Then this is repeated as many times as you want.

Every data block payload MUST contain at least one record.

Index block payload

Index block payloads encode a list of references to other index or data blocks.

Each index payload entry has the form:

  • Key length (uleb128): The number of bytes in the “key”.
  • Key value (arbitrary data): That many bytes of data, making up the “key” for the pointed-to block. (See below for the invariants this key must satisfy.)
  • Block offset (uleb128): The file offset at which the pointed-to block is located.
  • Block length (uleb128): The length of the pointed-to block. This includes the root index block’s length and CRC fields; the idea is that doing a single read of this length, a the given offset, will give us the root index itself. This is an important optimization when IO has high-latency, as when accessing a ZS file over HTTP.

Then this is repeated as many times as you want.

Every index block payload MUST contain at least one entry.

Key invariants

All comparisons here use ASCIIbetical order, i.e., lexicographic comparisons on raw byte values, as returned by memcmp().

We require:

  • The records in each data block payload MUST be listed in sorted order.

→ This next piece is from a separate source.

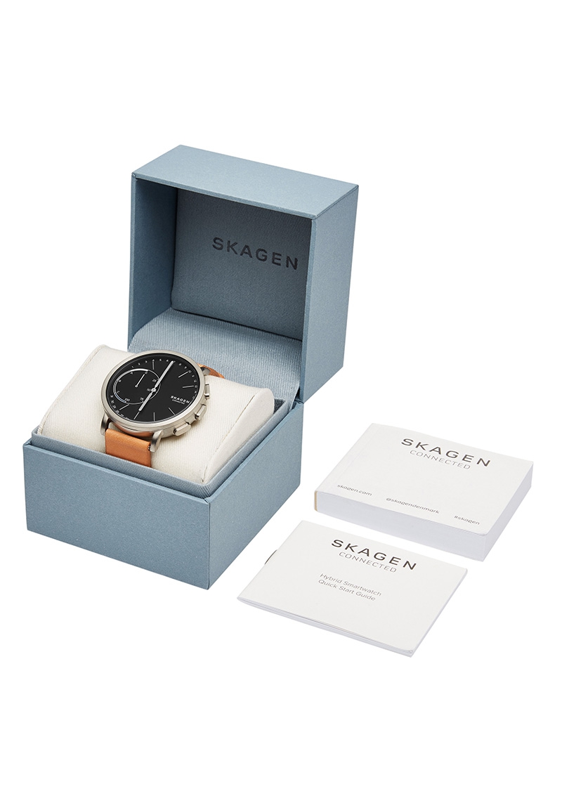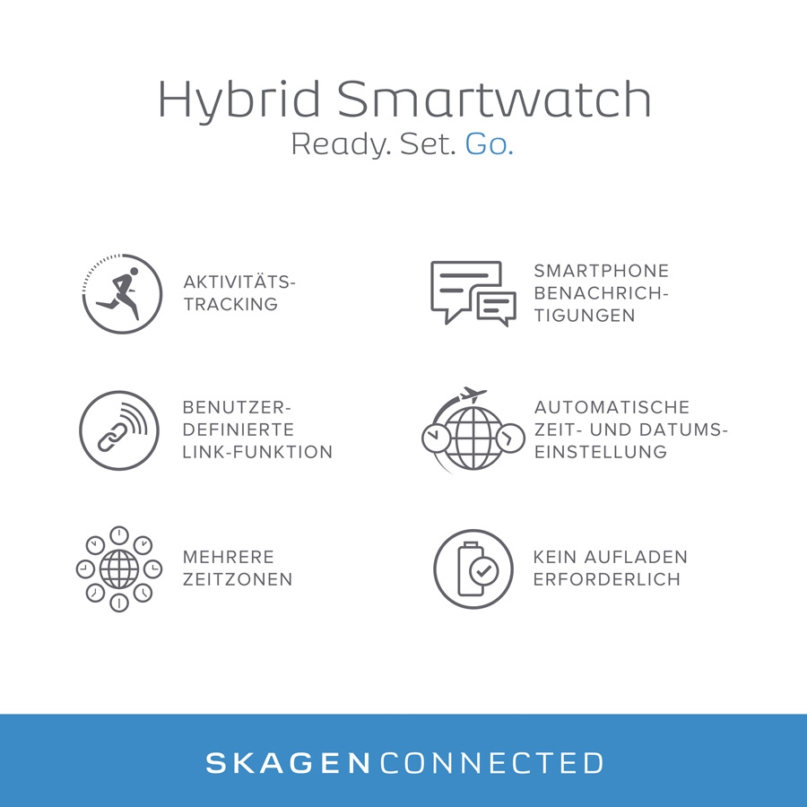 Die Skagen Connected Uhr Hagen ist kompatibel mit Android Smartphones 4.4+ und iPhone 5+/iOS 8+ und synchronisiert sich drahtlos mit dem Smartphone über die SKAGEN App, mit der man seine Daten einsehen und persönliche Einstellungen vornehmen kann.

  • If data block A occurs earlier in the file (at a lower offset) than data block B, then all records in A are REQUIRED to be less-than-or-equal-to all records in B.

  • Every block, except for the root block, MUST be referenced by exactly one index block.

  • An index block of level \(n\) MUST only reference blocks of level \(n - 1\). (Data blocks are considered to have level 0.)

  • The keys in each index block payload MUST occur in sorted order.

  • To every block, we assign a span of records as follows: data blocks span the records they contain. Index blocks span all the records that are spanned by the blocks that they point to (recursively). Given this definition, we can state the key invariant for index blocks: every index key MUST be less-than-or-equal-to the first record which is spanned by the pointed-to block, and MUST be greater-than-or-equal-to all records which come before this record.

    Note

    According to this definition, it is always legal to simply take the first record spanned by a block, and use that for its key. But we do not guarantee this; advanced implementations might take advantage of this flexibility to choose shorter keys that are just long enough to satisfy the invariant above. (In particular, there’s nothing in ZS stopping you from having large individual records, up into the megabyte range and beyond, and in this case you might well prefer not to copy the whole record into the index block.)

Notice that all invariants use non-strict inequalities; this is because the same record might occur multiple times in different blocks, making strict inequalities impossible to guarantee.

Notice also that there is no requirement about where index blocks occur in the file, though in general each index will occur after the blocks it points to, because unless you are very clever you can’t write an index block until after you have written the pointed-to blocks and recorded their disk offsets.

Specification history

  • Version 0.9: First public release.